• [COLLECTED DATA]:
======

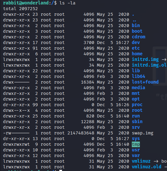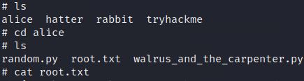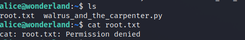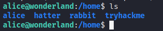 Let’s continue exploring the system. We see that there are also “hatter” and “rabbit” users outside of the Alice user, but we are not allowed to access them.
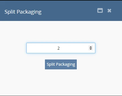 Step 3 : Click the button, enter the number of packages required, and click Split Packaging.
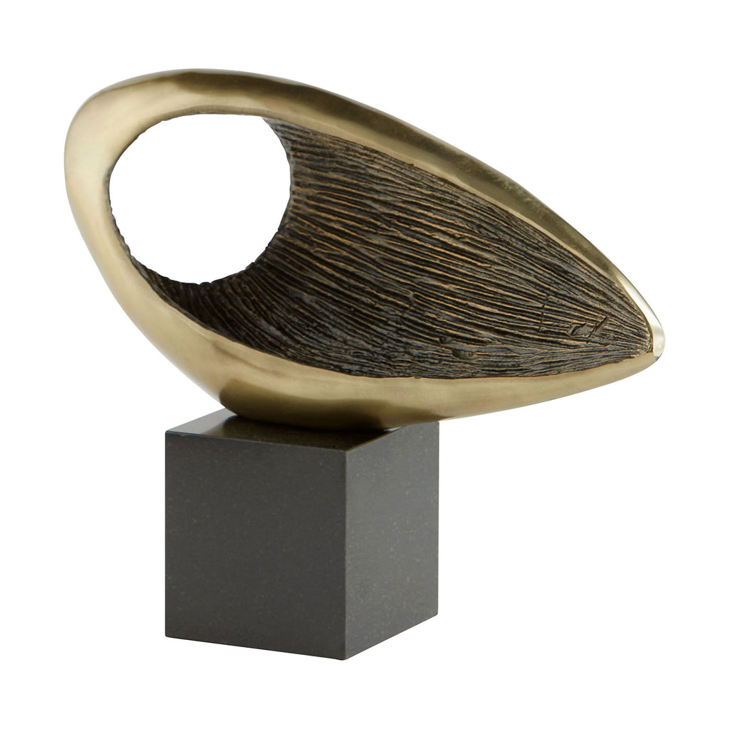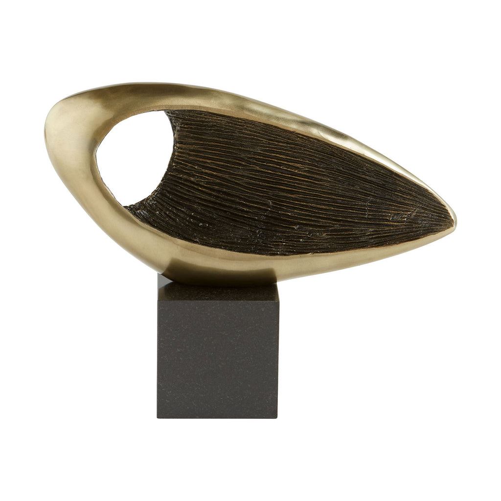 The Cyan Design Delphina sculpture is a smooth abstract adaptation of a tidal wave crashing in on itself. The smooth, calm exterior is contrasted by a raked texture interior. A bronze finish is applied to sand cast iron atop a granite base, keeping the sculpture rooted in elegance with an artistic flair. Place on a bookshelf, side table or console table to inspire meaningful conversation.

======

• [REQUIRED ACTION]:
Begin at the top of the material above and output each line exactly, stopping after the line that holds "Step 3 : Click". Leave out pictures.

• [RESPONSE TO THIS TASK]:
 Let’s continue exploring the system. We see that there are also “hatter” and “rabbit” users outside of the Alice user, but we are not allowed to access them.
 Step 3 : Click the button, enter the number of packages required, and click Split Packaging.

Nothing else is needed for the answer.